What is Digital Data?
• The storage devices could also be of various
varieties, like magnetic, optical, or solid state
storage devices.
• Examples of digital data are electronic
documents, text files, e-mails, e-books, digital
pictures, digital audio, and digital video.
Data and Information Processing
• Processing and analyzing information is significant and critical to any
organization.
• It allows organizations to derive value from information to take intelligent
decisions and improve organizational effectiveness.
• It is easier to analyze the structured data because it is stored in organised
format.
• On the opposite hand, processing non-structured data and extracting value
from it using traditional applications is tough, long, and needs to increase
the hardware resources.
• New architectures, technologies, and techniques have emerged that modify
storing, managing, analyzing, and bringing value from unstructured information
which is coming from various sources.
Data Types
Structured Data Type
• It is the type of data that is stored in a relational databases such as SQL
and Oracle where data is organised in rows and columns within named
tables.
• It is highly specific and is stored in a predefined format
• Structured data also adheres to predefined rules for formatting and
labeling information.
• It consists of clearly defined data types with patterns that make them
easily searchable.
• It usually resides in relational databases (RDBMs). Fields store length-
delimited data like phone numbers, Social Security numbers, or ZIP
codes, and records even contain text strings of variable length like
names, making it a simple matter to search.
Structured Data
• Data may be human- or machine-generated, as long as the data is created
within an RDB structure.
• This format is eminently searchable, both with human-generated queries
and via algorithms using types of data and field names, such as
alphabetical or numeric, currency, or date.
• Common relational database applications with structured data include
airline reservation systems, inventory control, sales transactions, and ATM
activity.
• Structured Query Language (SQL) enables queries on this type of
structured data within relational databases.
Characteristics of Structured Data
• The structured data conform to a data model with a predefined
structure.
• Data is organized into entities such as tables, and these columns
are linked together using relationships.
• All data stored in a table column have similar attributes. For
example, if a table contains the [FirstName] column as string data,
it will always store the string data for all records in the column.
• It does not allow dynamic structure change for a specific record.
Merits of Structured Data
• The fixed and well-defined schema helps easy management, less storage, and access
to the data.
• The data can be indexed based on its attributes. The indexing helps to read data from
a database quickly.
• Data security can be implemented at the granular level, i.e., row, column, or table.
• The structured data can be accessed easily by the machine learning algorithms.
Therefore, you can quickly do data manipulation and calculations.
• You can perform Business Intelligence operations with Increased access to more tools.
• The structured data enables users to understand and analyze different data
relationships quickly.
Demerits of Structured Data
• You need to define the schema well in advance, typical for all data requirements. If you need
an additional column requirement, it requires structure modification for all records in the
table. Therefore, the structured data is less flexible.
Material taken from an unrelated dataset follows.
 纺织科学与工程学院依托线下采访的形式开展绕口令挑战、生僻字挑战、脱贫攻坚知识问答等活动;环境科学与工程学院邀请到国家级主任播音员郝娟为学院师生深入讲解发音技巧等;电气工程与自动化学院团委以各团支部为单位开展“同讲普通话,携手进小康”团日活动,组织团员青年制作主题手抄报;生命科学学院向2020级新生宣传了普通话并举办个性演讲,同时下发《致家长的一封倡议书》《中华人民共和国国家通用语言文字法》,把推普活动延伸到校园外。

• It can be used for its intended goal with limiting business use case.

• Limitations On Use: Due to the organization style of structured data, it is more difficult to
have flexibility or varied use cases.

• Limited Storage: Structured data is stored in specific spaces of data warehouses. While
accessing the data is easy, scalability can be difficult. Changes within data warehouses can
become hard to manage. Using cloud data centers help with the storage problems.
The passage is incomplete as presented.